Wednesday, December 28, 2016

Christmas 2016

A sermon by the Rev. Deacon Jacqueline Cherry
Christmas Eve, Year C, 2016



The birth we have been waiting for, preparing for, is happening, now.
Let heaven and nature sing!

Do you know what it sounds like when a baby is born? Birth mothers, and those who have witnessed the birth of a baby, know that it is anything but silent. The pain of labor obliterates any sense of decorum. In the hallways outside the delivery room, grunts, cries, heaves and four-letter words are easily heard. Like it or not, if we believe in the Incarnation, we must also believe that Jesus’ birth, too, was noisy and messy. Certainly there are differences - instead of the beeps and alarms of today’s medical equipment, Mary and Joseph were likely deafened by brays and bleats. Tempting as it is to marvel at the sudden appearance of the angel and heavenly host, Luke’s birth narrative begs us to remain grounded. On this holy night, all of heaven is focused on the birth of a baby boy. An ordinary birth like ours, and the births of our ancestors before us, and the births of our descendants to come.

Luke tells us that the glory of the Lord shone around the shepherds as an angel proclaimed, I am bringing you good news of great joy for all the people.

Again, don’t focus on the angel, rather pay attention to whom the angel is speaking. It is the shepherds in the fields who are the first to be told that Jesus was born. If that holy birth had happened tonight, in 2016, the angel might appear to migrant workers, or perhaps to those living in the tent encampments right outside our church. Before all others, God wanted the lowly shepherds, the powerless and the displaced, to be the first to hear the good news of the Messiah’s birth.

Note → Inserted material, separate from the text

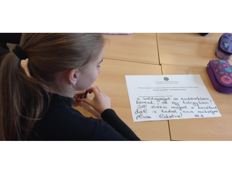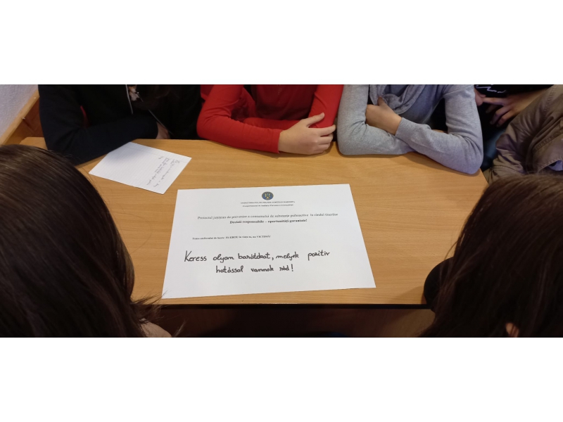 De asemenea, elevilor le-a fost lansată invitația de a participa la atelierul tematic Fii EROU în viața ta, nu VICTIMĂ! și de a realiza un mesaj ce poate fi adresat altor tineri de vârsta lor, aceștia optând să recomande alegerea unui anturaj pozitiv în viața lor.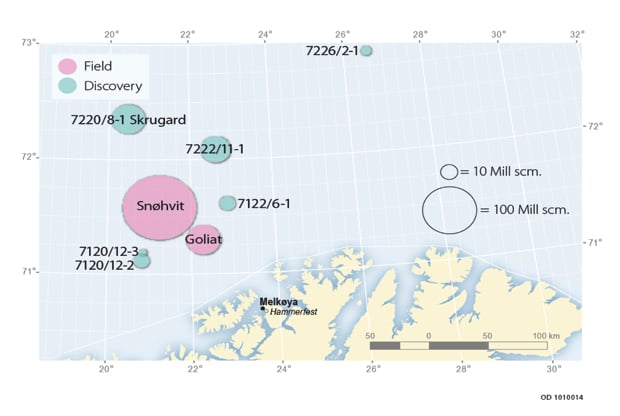 The Goliat oil field was proven in 2000 and development and operation was approved by the authorities in 2009. The plan calls for reinjecting the gas from Goliat, but gas export solutions are also being studied. Based on Goliat’s gas evacuation needs, Gassco has initiated an area study with the objective of mapping future needs and gas transport alternatives from the area. The study will cover both gas export by pipeline and ship, as well as domestic use of gas from the area.

In those days a decree went out from Emperor Augustus that all the world should be registered. While the Emperor was busy with the state census, a young unwed mother gave birth in a stable to the King of kings. God slipped into this world through the birth of a fragile infant. Indeed, it is good news of great joy for all the people. Except for the Emperor; to the powers that be, the birth of Jesus is treasonous.

With haste, the shepherds went to Bethlehem where they found Mary and Joseph, and the child lying in the manger. And the news of the Savior’s birth spread rapidly, from one tent encampment to the next, through homeless shelters and soup kitchens, under the highways, across neighborhoods. Have you heard the good news? The one who will cast down the mighty from their thrones has been born.

The field dorms in Watsonville and the Central Valley buzzed. The one who will fill the hungry with good things has been born.

Drug addicts in dark doorways startled awake. The one who will lift up the lowly has been born.

En masse they marched - the unemployed, oppressed, undocumented, disabled, addicted - together they moved east to see this thing that had taken place.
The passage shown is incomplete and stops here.